Managing Editor Sierra Williams presents a round-up of popular stories from around the web on higher education, academic impact, and trends in scholarly communication.

Credit: Eszter Hargittai (CC BY_NC_SA)

This week, there was much discussion around Nicholas Kristof’s plea in the New York Times, Professors, We Need You and his mid-week addendum, Bridging the Moat Around Universities. Here is a comprehensive Roundup of Responses to Kristof’s Call for Professors in the Public Sphere at Just Publics@ 365 by Jessie Daniels, which helpfully categorises the many reflections, criticisms and witty rejoinders. Also worth a mention is Diane Coyle’s response piece Economists and our responsibilities to society, which notably focuses on the research from the Impact of Social Sciences project:

Of course I agree with the general point that academics – especially social scientists! – have to engage with society. Not just engage with as in discuss one’s research in intelligible language, but understand how academic research and teaching interact with society, influence it and are influenced by it…Using the data set on academics’ channels of influence built for the research, the [Impact of Social Sciences book] assesses the character of the ‘outputs’ of the academics (which varies quite a lot between disciplines) and looks at two arguments about academics’ impact. One is that there are ‘popularisers’ who can communicate but do little valuable research, and academics of course tend to sneer at this group. Another is that there are superstars who do the best research and are brilliant communicators. The truth is in between – most of the group are middling at both research output and public communication. [read more]

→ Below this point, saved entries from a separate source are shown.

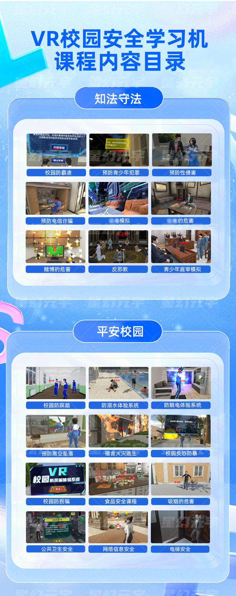 VR校园安全学习机并非简单的技术展示,而是围绕校园实际情况进行系统化设计,内容覆盖面广,实用性强,主要包括: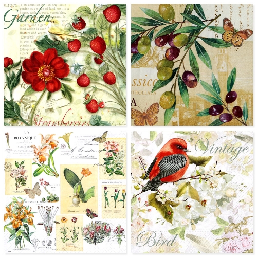 냅킨아트 4종 20매입 네츄럴 그린 빈티지 페이퍼 디자인
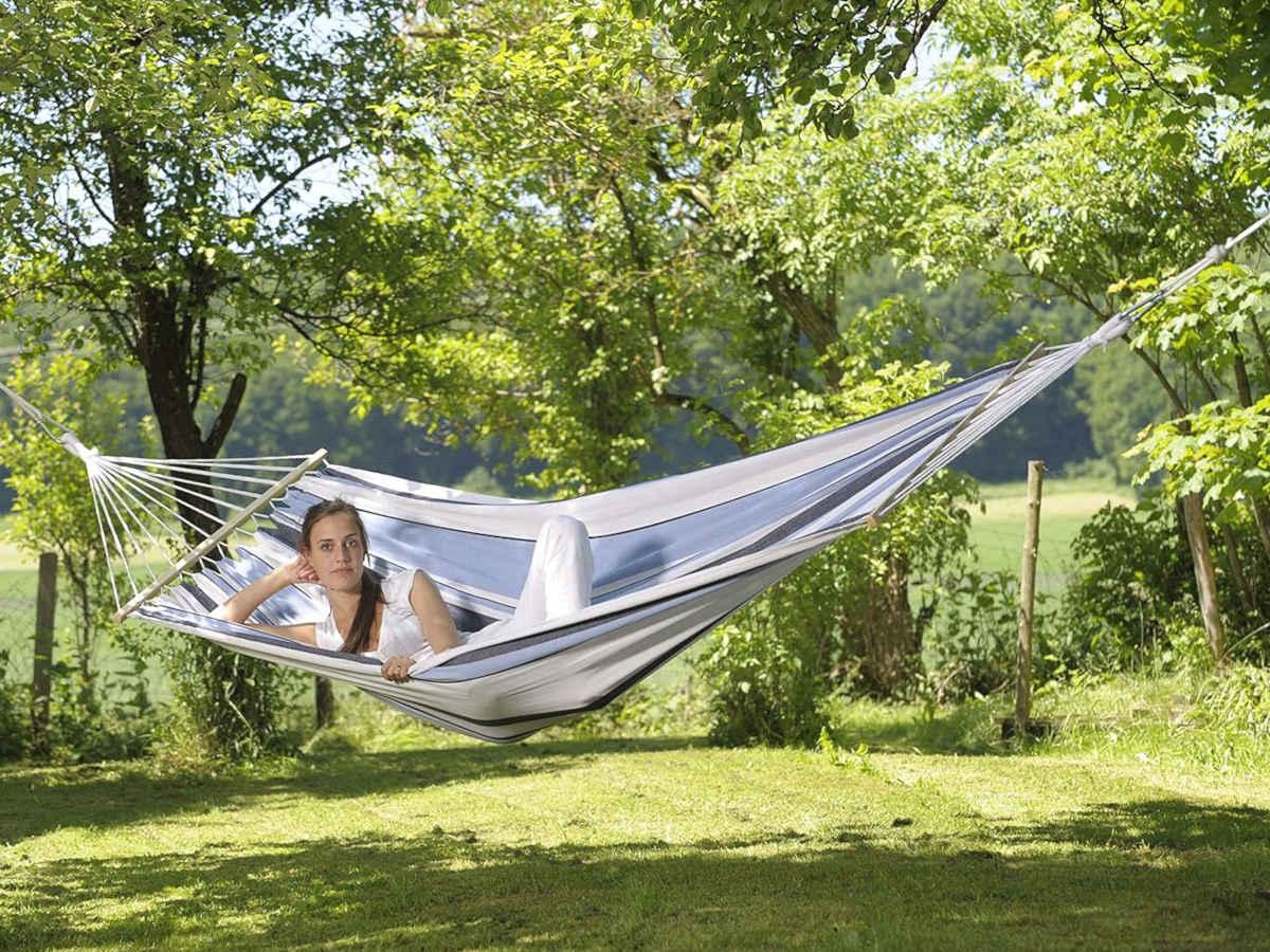 Profitez de la liberté, de l'apaisement et du confort offerts par le hamac Samba Amazonas, un compagnon parfait pour vos moments de détente en plein air.

Data visualisation throughout the ages by Angus Montgomery at Design Week highlights the fascinating exhibit at the British Library running from 20 February-26 May. Beautiful Science: Picturing Data, Inspiring Insight.

Roger Federer Grand Slam History. Credit: Sacks08 (CC BY)


A model OA journal publication agreement by Stuart Shieber at The Occasional Pamphlet provides a template for budding open access publishers outlining the language for authors to grant use of the Creative Commons license for their research articles.

Writing informative abstracts for journal articles: Be substantive and communicate your key findings by Patrick Dunleavy at the Writing For Research blog.

Neglecting abstracts has very real costs, however. Typically you have between two and five years for your article to attract the attention of other researchers and to get cited. After that it’s basically burnt toast. And of course, the wheels of academia often turn slow, so that your window of opportunity is eroded at the start too, especially in the humanities and ‘soft’ social sciences. [read more]

Credit: Austin Kleon (CC BY-NC-ND)

Analysing analytics: what does big data mean for HR? by Tom Calvard at HRZone.

What is important is that what we can find out and achieve with the help of lots of data doesn’t become something mythical but stays firmly rooted in philosophy of science and knowledge considerations. A lot depends on views and interpretations of truth and evidence – which can seem dry at times, yet become central in relation to large amounts of complex data. Knowledge management has been vaguely alive within HR for decades; thinking about how to turn raw data into organised information and then finally into actionable knowledge. [read more]

Can Scholarship be Free to Read? Cultural Anthropology Goes Open Access – Bascom Guffin and Jonah S Rubin interview four leading voices pushing for open access in anthropology in the latest podcast of AnthroPod.